- **What the task requires**
Find every line below where the word "Misas" occurs. Then say how many there are, giving only the number.

Information given Block Start

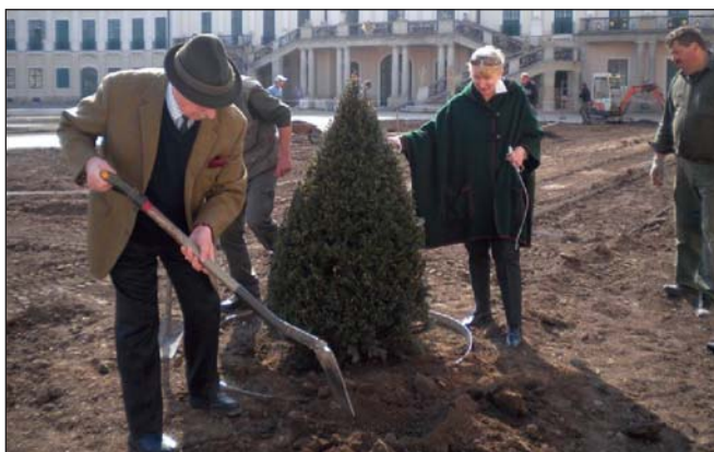
7. kép. Tiszafa Eszterháza kastélyának megújuló díszudvarában
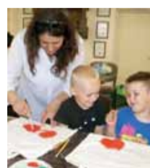
Przygotowywanie ekologicznej torby w kwiatki na Dzień Matki.

– Szczególne podziękowania należą się tatusiom przed-
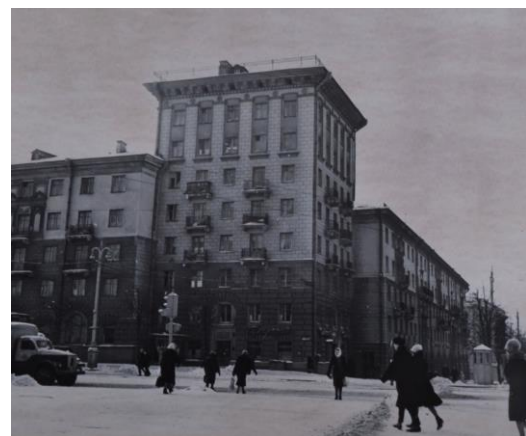
Рисунок 6 – Комплекс жилых домов полиграфкомбината
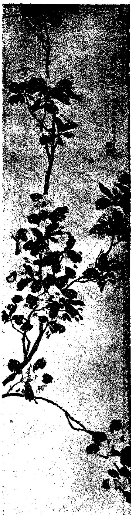
Flower by Kao Pu Chen

意為目的。乃今之繪畫與鑑賞者。既不知精神與物質。又無宗旨與目的。致有專摹上古之死畫者。有愛產東西之雜種者。甚至風景畫內而用廣告畫之背景與色彩者。譬如戲劇。有生且淨丑。不務各盡其長。而乃且頭丑腳生裝淨聲。則尚能成其為有價值之戲劇乎。至於中國畫與西洋畫之異點。由歐美重事實。故其畫之背景係積極的。而色彩以厚重複雜取勝。國人重理想。故其畫之背景係消極的
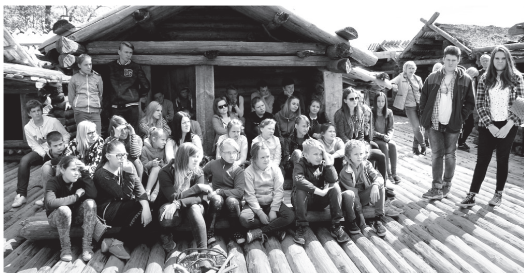
Misas vidusskolas labākie un aktīvākie audzēkņi mācību gada izskaņā devās ekskursijā uz Cēsīm un Āraišiem.

Skolotāja iniciējusi vērienīgus pasākumus. Misā noticis sadraudzības koncerts ar Bauskas skolu koriem, divi Misas kolektīvi viesojušies Bauskas kultūras centrā, skolēni koncertējuši gan Bauskas katoļu, gan Vecumnieku baznīcā. Ar vērienīgumu ikvienu pārsteidza koncerts Misā «Tik dēļ jums, daiļās dāmas, dēļ jums», kad plecu pie pleca dziedāja Dobeles mūzikas skolas zēnu koris, Ķekavas vidusskolas zēnu kamerkoris, Misas vidusskolas zēnu koris un vīru koris «Ķekava». Jūnija beigās
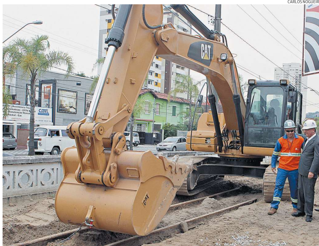
Um dos trechos da obra fica na Avenida Rodrigues Alves, entre o Canal 3 e a Avenida Conselheiro Nébias

E se a execução da obra chamará a atenção pela movimen-
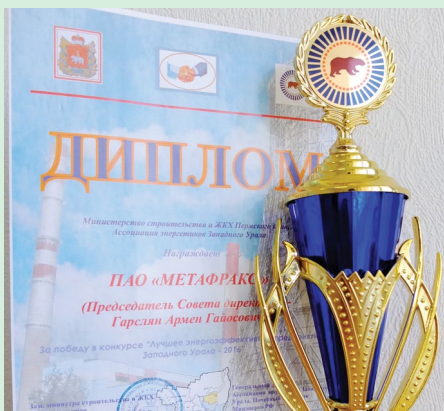
«Метафракс» назван лучшим энергоэффективным предприятием Западного Урала

Information given Block End

- **Solution for this exercise**
2